3年間で資産1,000万円を達成した元浪費家が語る、モチベなしでお金を貯める「ほったらかし投資」
稼ぐ力」が幸せを呼び込む?キャリアコンサルタント田中美和氏に聞く、女性のキャリアの作り方
新卒で日経ホーム出版社(現 日経BP社)に入社し、約7年間日経ウーマンの編集者として多くの女性に取材をしてきた田中美和さん。現在は、働く女性のサポート事業を展開する株式会社Waris(ワリス)の共同代表を務めています。
女性の声を聞き、支え続けてきた田中さんに、多くの女性が生きていく中でぶつかる壁や、その乗り越え方についてお話を伺いました。
幸せの鍵は「自己決定」と「偶然を受け入れること」
マネ活編集部:まず簡単にこれまでのご経歴を教えてください。
田中:新卒で大手出版社に入社し、働く女性をメインターゲットにした「日経ウーマン」の記者を7年ほど務めました。ライフとキャリアをテーマに多くの悩める女性や、専門家の方々を取材するうちに、自分のキャリアや今後の生き方について葛藤を抱えながら生きている女性が多いと感じました。その後、もっと彼女たちの力になりたいと思い、フリーランスを経て、同じ志を持つ仲間と一緒に株式会社Warisを立ち上げました。

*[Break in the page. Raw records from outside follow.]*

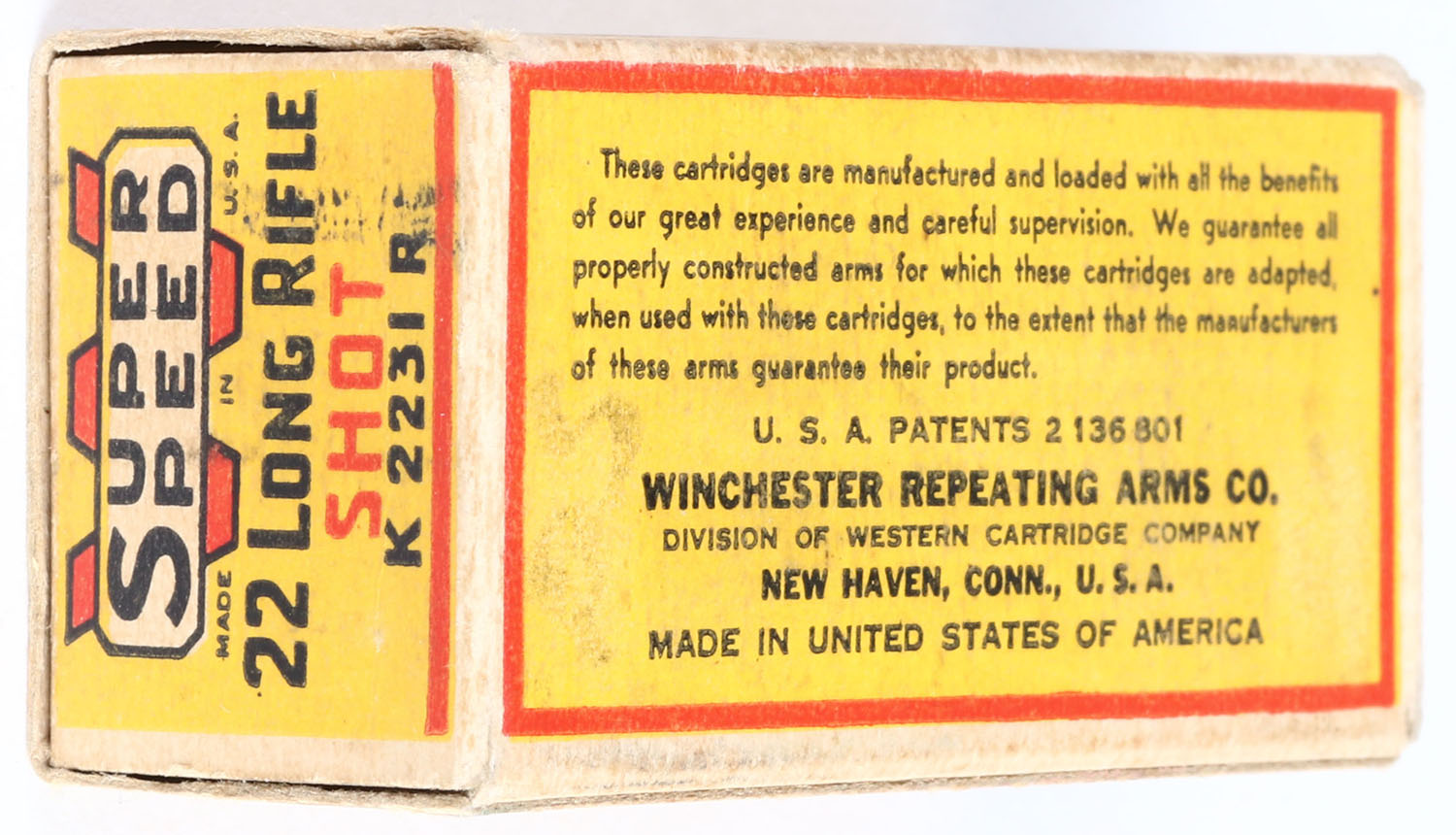 Winchester, Super Speed, .22 Long Rifle Shot, Staynless, RHWeb: WRA-14B LR-5, Full, 1pc. Yellow red & blue box, box is solid with very good to excellent color, minor age soiling, very minor edge & corner wear, end flaps are fairly rigid, ammo is excellent. Grade: Excellent + - Value: 100 to 300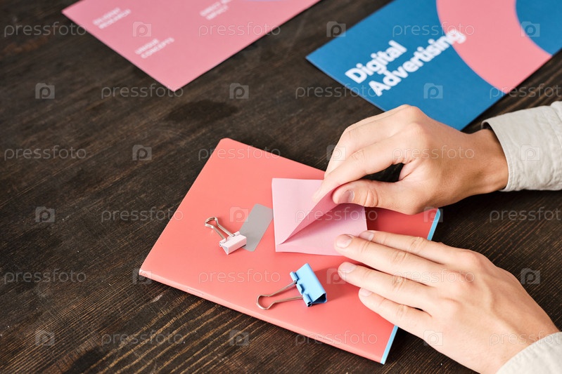 Руки молодого офисного менеджера, сидящего за деревянным столом и берущего розовую бумагу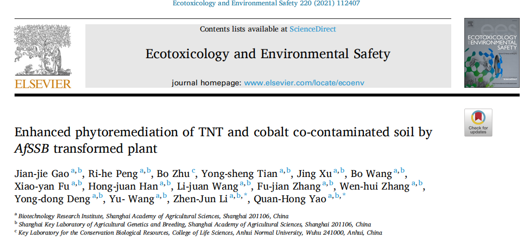 近期,我院生物技术研究所姚泉洪研究员和彭日荷研究员带领的农业合成生物学团队在植物修复混合污染物的研究取得进展。相关科研成果由高建杰博士主笔撰写两篇论文:“Phytoremediation of multiple persistent pollutants co-contaminated soil by HhSSB transformed plant(HhSSB转化植物修复多种持久性污染物混合污染土壤)”和“Enhanced phytoremediation of TNT and cobalt co-contaminated soil by AfSSB transformed plant(AfSSB转化植物强化修复TNT和钴混合污染土壤)”分别发表在期刊Environmental Research(IF 6.498)和Ecotoxicology and Environmental Safety(IF:6.291)。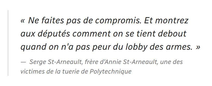«Ne faites pas de compromis. Et montrez aux députés comment on se tient debout quand on n’a pas peur du lobby des armes», a plaidé M. St-Arneault.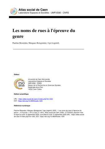 Pauline Bosredon, Margaux Boisgontier, Ugo Legentil. Les noms de rues à l’épreuve du genre. Atlas Social de Caen : de l'agglomération à la métropole ?, 2025, https://atlas-social-de-caen.fr/index.php?id=1325. ⟨10.48649/asdc.1325⟩. ⟨hal-05481145⟩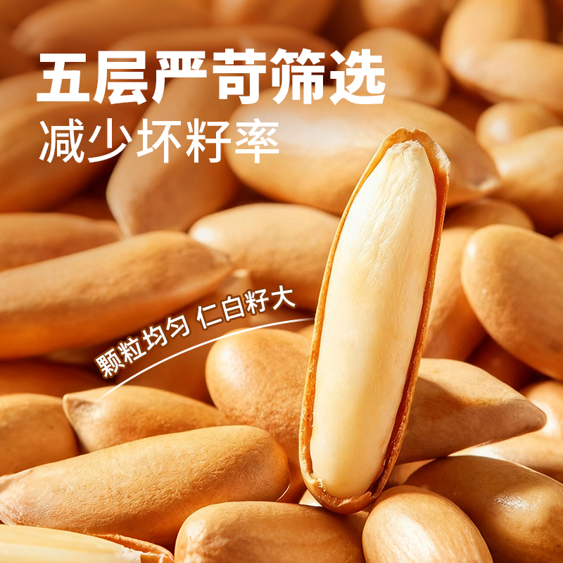 百草味東北松子堅果手剝干果仁休閑零食特產(chǎn)小吃手拔開口大顆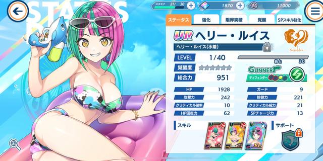 在养成机制方面,游戏内共有三大养成目标,分别是角色(海豚)、卡片(memory)、水上机。角色可以通过强化、界限突破、觉醒等方式提升战力,卡片需要通过吃狗粮来升级,水上机则需要花费金币强化战力。(又肝又氪的节奏)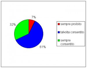 In particolare appare ampia la discrezionalità dei ragazzi nell’ambito delle scelte di vita quotidiana: 17 su 18 sono liberi di uscire la sera con la frequenza che ritengono opportuna; 15 su 18 possono trascorrere le vacanze con amici d’ambo i sessi e infine 14 su 18 possono tenere animali in casa.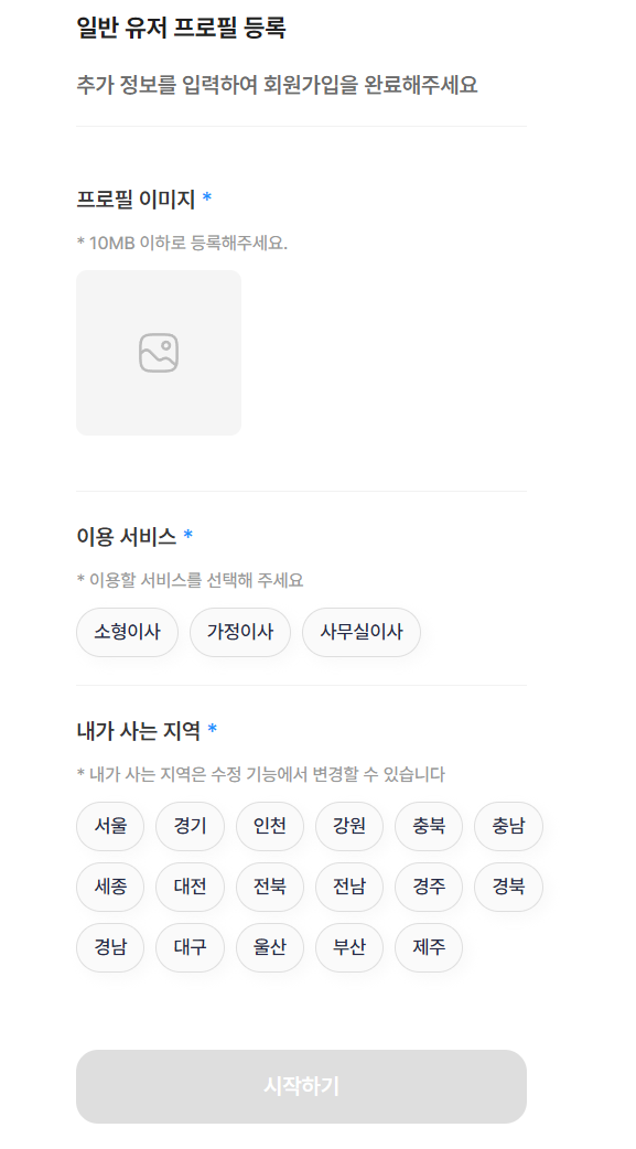 로그인이 완료되면, 프로필 등록 페이지로 넘어가고 손님은 프로필 등록을 진행하지 않으면 손님 전용 기능을 사용할 수 없습니다.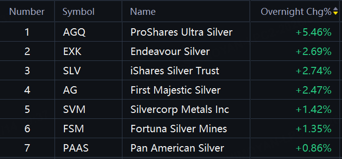 Silver stocks & ETFs shined in overnight trading. AGQ up over 5%; Endeavour Silver , SLV, Silvercorp up over 2%.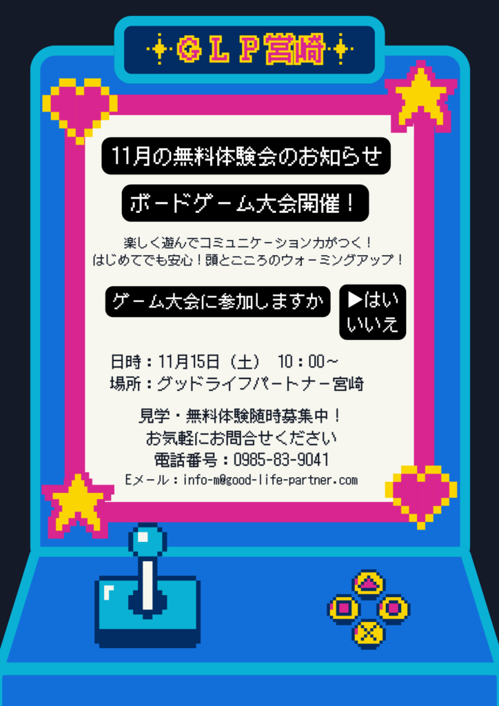 11月15日(土)に行われる無料体験会【ボードゲーム大会】のお知らせです✨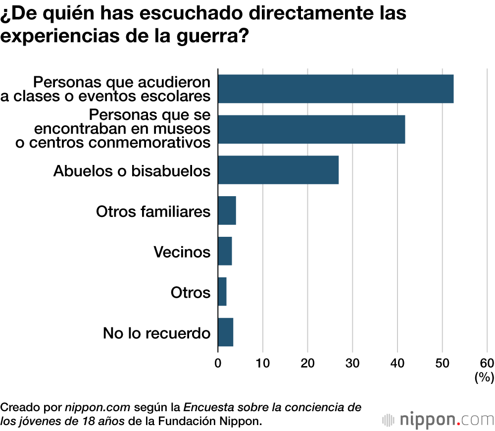 Solo alrededor del 30 % de los encuestados “han hablado” directamente con alguien que vivió la guerra. Las personas a las que más oyeron hablar fueron “quienes acudieron a clases o eventos escolares” o “estaban en museos o centros conmemorativos”, mientras que menos del 30 % escucharon esas historias de “sus abuelos o bisabuelos”.

Warisではフリーランスとして働きたい女性と企業さまをつなぐサービス「Warisプロフェッショナル」を提供しています。フリーランスと聞くと、クリエイターを思い浮かべる人が多いですが、私たちは広報、マーケティング、経理など一般的な職種のスキルや経験がある方々を対象にジョブマッチングのお手伝いをしています。

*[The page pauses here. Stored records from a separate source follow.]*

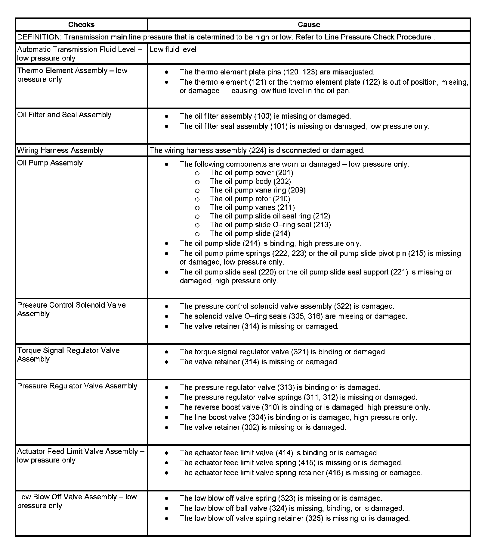 Incorrect Line Pressure: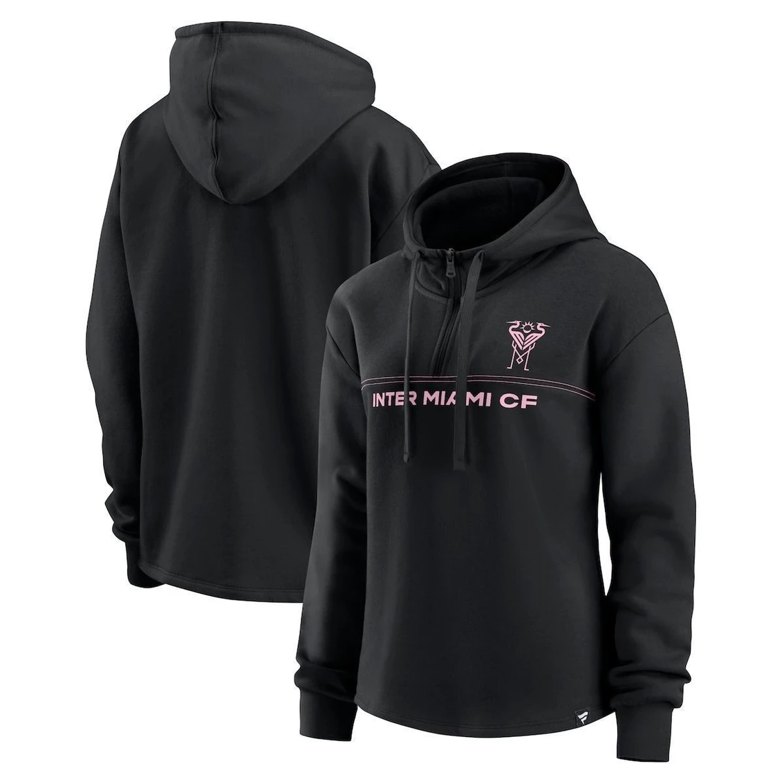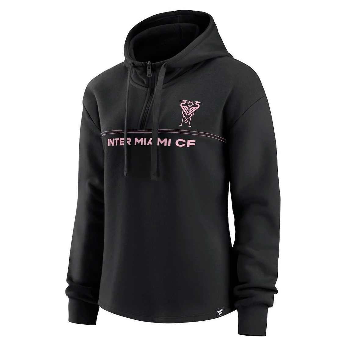 - Layer up with a spirited look by adding this Fanatics Branded Inter Miami CF quarter-zip hoodie to your wardrobe. A signature Inter Miami CF crest rests on the left chest, and the contrast-color panel gives it subtle flair. Plus, the rounded hem contributes to its comfortable fit and feel.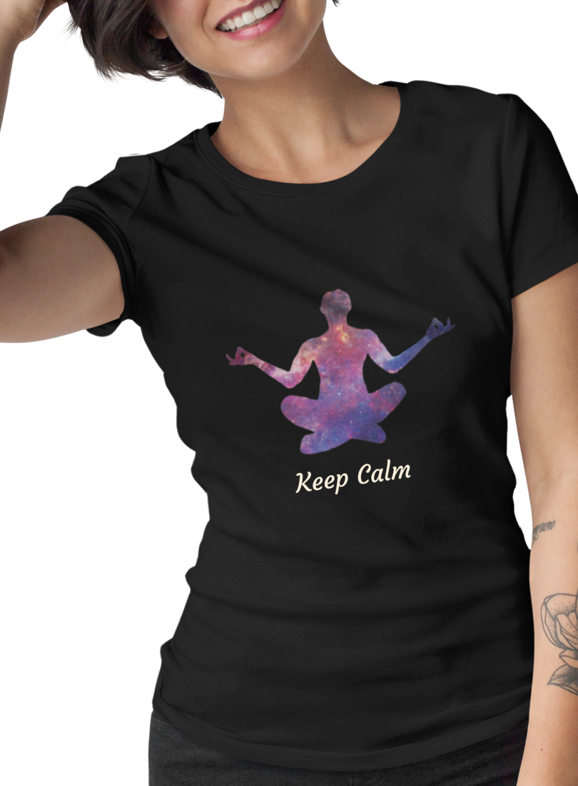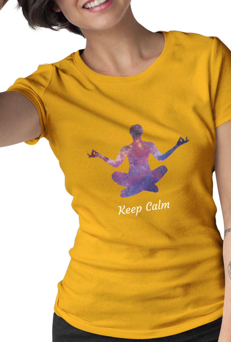 Be the first to review “Women Round Neck Yoga White T-Shirt – Keep Calm”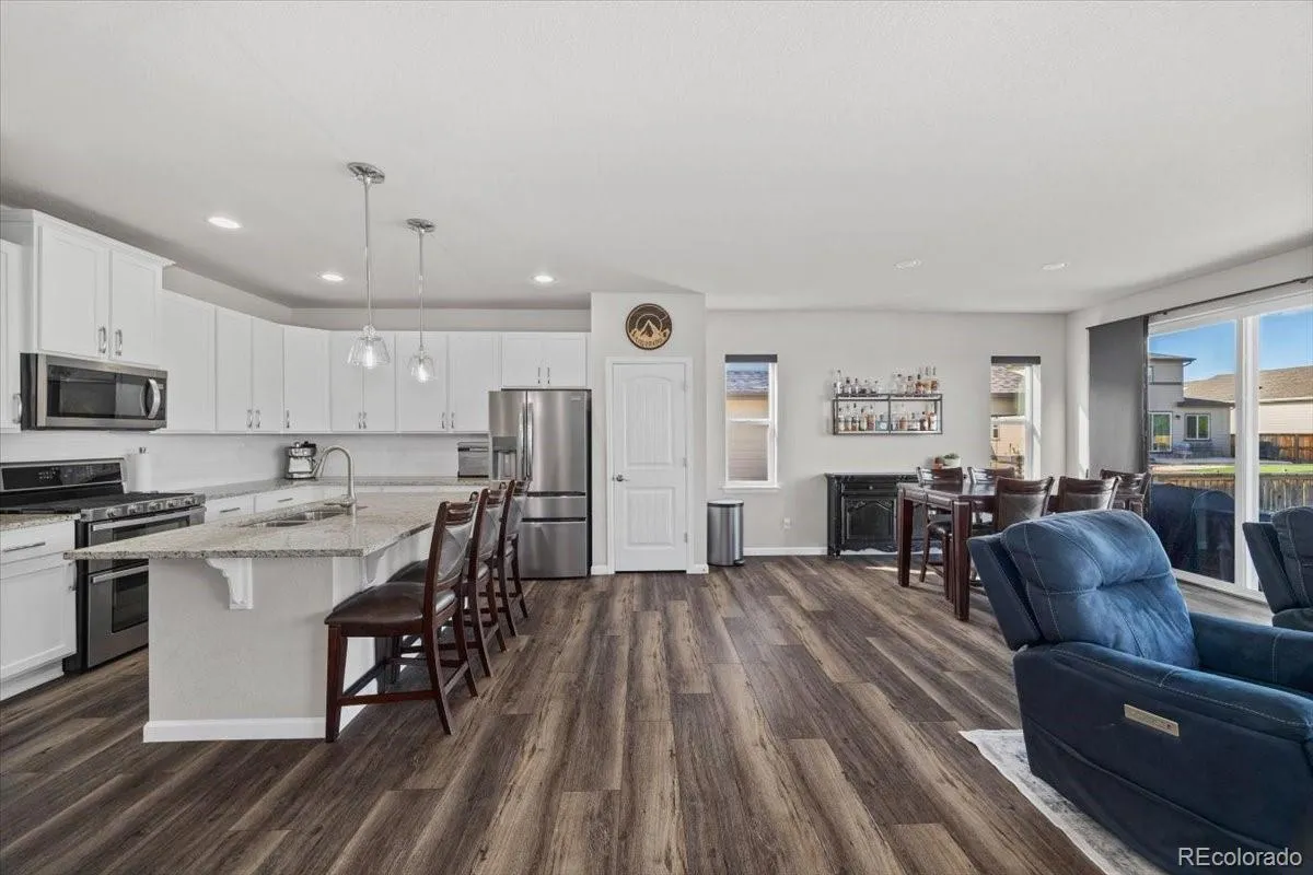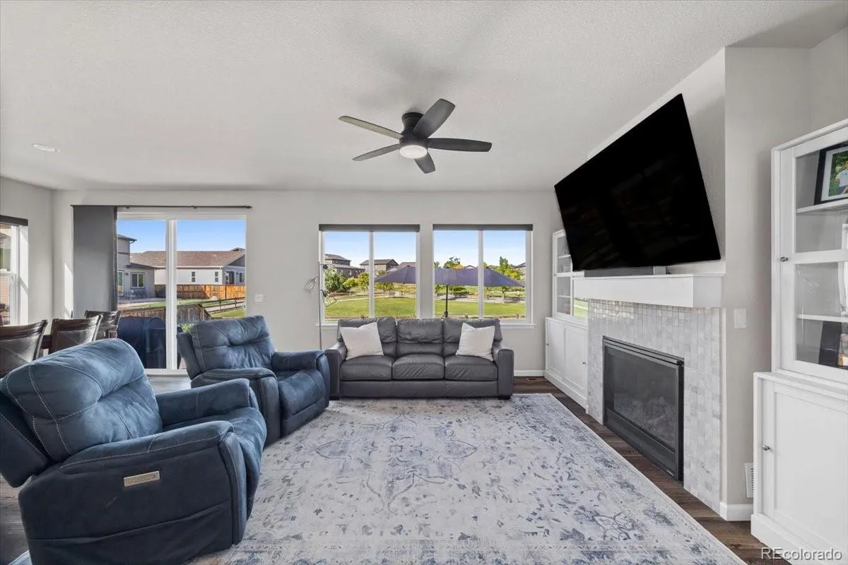 The open floorplan makes hosting effortless, with a *BRIGHT* kitchen at the center featuring 42″ white cabinets, granite counters, a large island with room for everyone to *GATHER* , and stainless appliances ready for casual dinners or holiday feasts. Wide-plank luxury vinyl flooring ties the main level together, flowing into a *SUNLIT* living room anchored by a mantled gas fireplace with elegant *TILE* surround.

他にも、離職後もう一度働きたいと考える女性の職場復帰をサポートする「Warisワークアゲイン」や、オンラインでのキャリア相談サービス「Warisキャリアエール」など、女性のキャリアの悩みを解決するための複数のサービスに携わっています。
田中さんが携わる女性のキャリアをサポートするサイト「Waris」
マネ活編集部:これまで多くの女性のキャリアをサポートをする中で、どんな悩みを抱える方が多かったのか教えてください。

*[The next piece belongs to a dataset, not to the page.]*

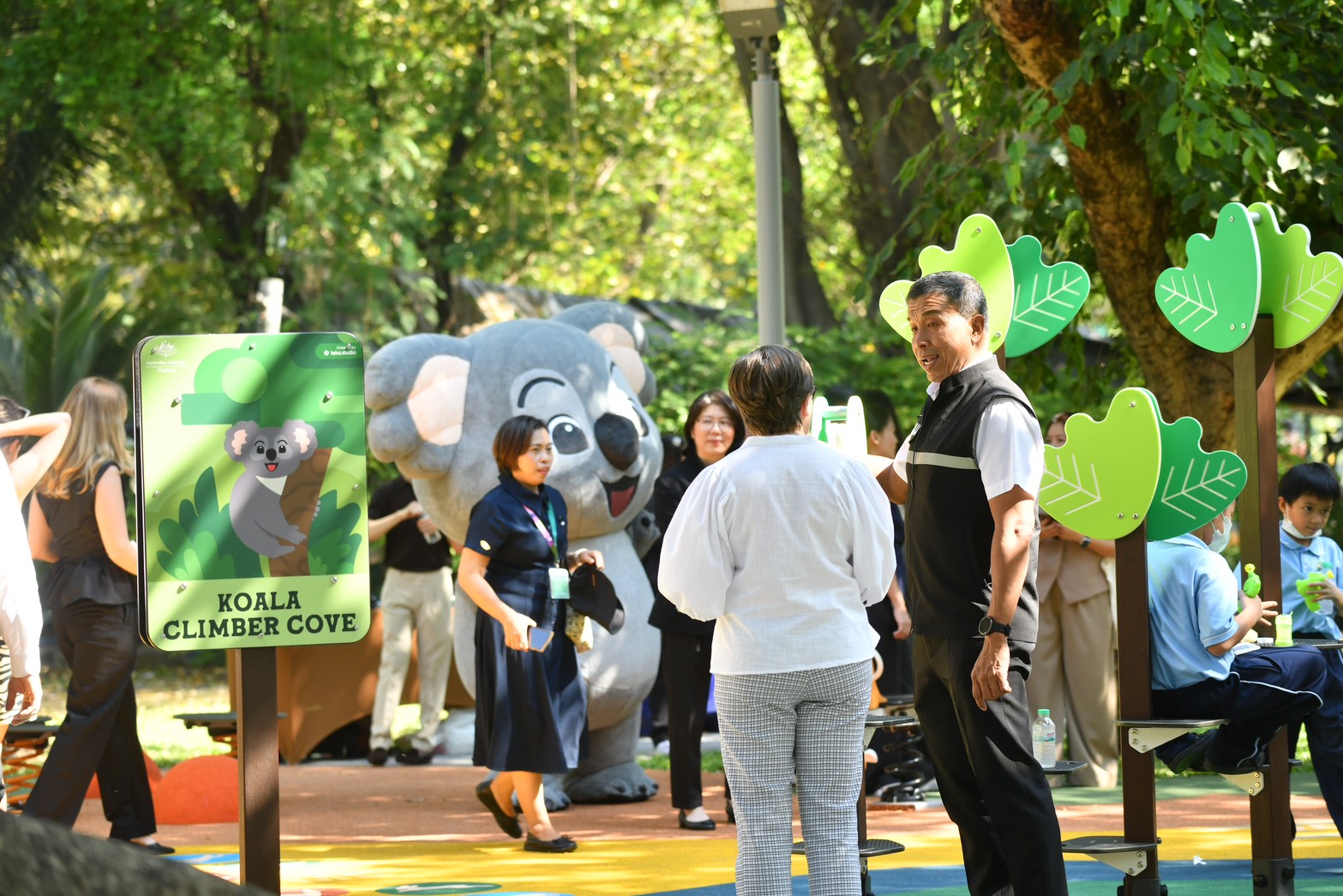 ผู้ว่าราชการกรุงเทพมหานคร กล่าวว่า เวลาใครมาสวนลุมพินีก็มักจะนึกถึงการออกกำลังกายของผู้ใหญ่ เช่น การเดิน วิ่ง รำไทเก็ก แต่วันนี้เรามีสนามเด็กเล่นที่ออกแบบเพื่อการเล่นและเสริมสร้างพัฒนาการของเด็กโดยเฉพาะ ต้องขอขอบคุณทางสถานเอกอัครราชทูตเครือรัฐออสเตรเลียประจำประเทศไทยที่เล็งเห็นถึงความสำคัญของเด็ก ๆ และช่วยทำให้ตรงนี้ได้เป็นสถานที่สำคัญ และได้เล่นสนุกของเด็ก ๆ

田中:ライフイベントごとに、選択肢が多すぎて「どれを選べばいいのか分からない」と悩まれる方は多かったですね。
一般的に女性はライフイベントの影響を受けやすいとされています。結婚、パートナーの転勤、出産など。
そして、それぞれのライフイベントのたびに、キャリアも考えなくてはなりません。例えば出産なら、産休育休後これまでと同じように働くのか、時短勤務をするのか、それとも仕事を辞めて専業主婦になるのか、別の仕事を始めるのか...。検討すべき選択肢が多く、だからこそ迷いや葛藤が生まれてしまうのです。
マネ活編集部:ライフステージの変化がある中で、納得のいくキャリアを歩むためには何を考えればいいのでしょうか。
田中:2つの考え方が重要だと思っています。1つ目は、自分のキャリアの主導権を自分で握るということ。2つ目は、1つ目と矛盾しているように聞こえるかもしれませんが、偶然を受け入れるということです。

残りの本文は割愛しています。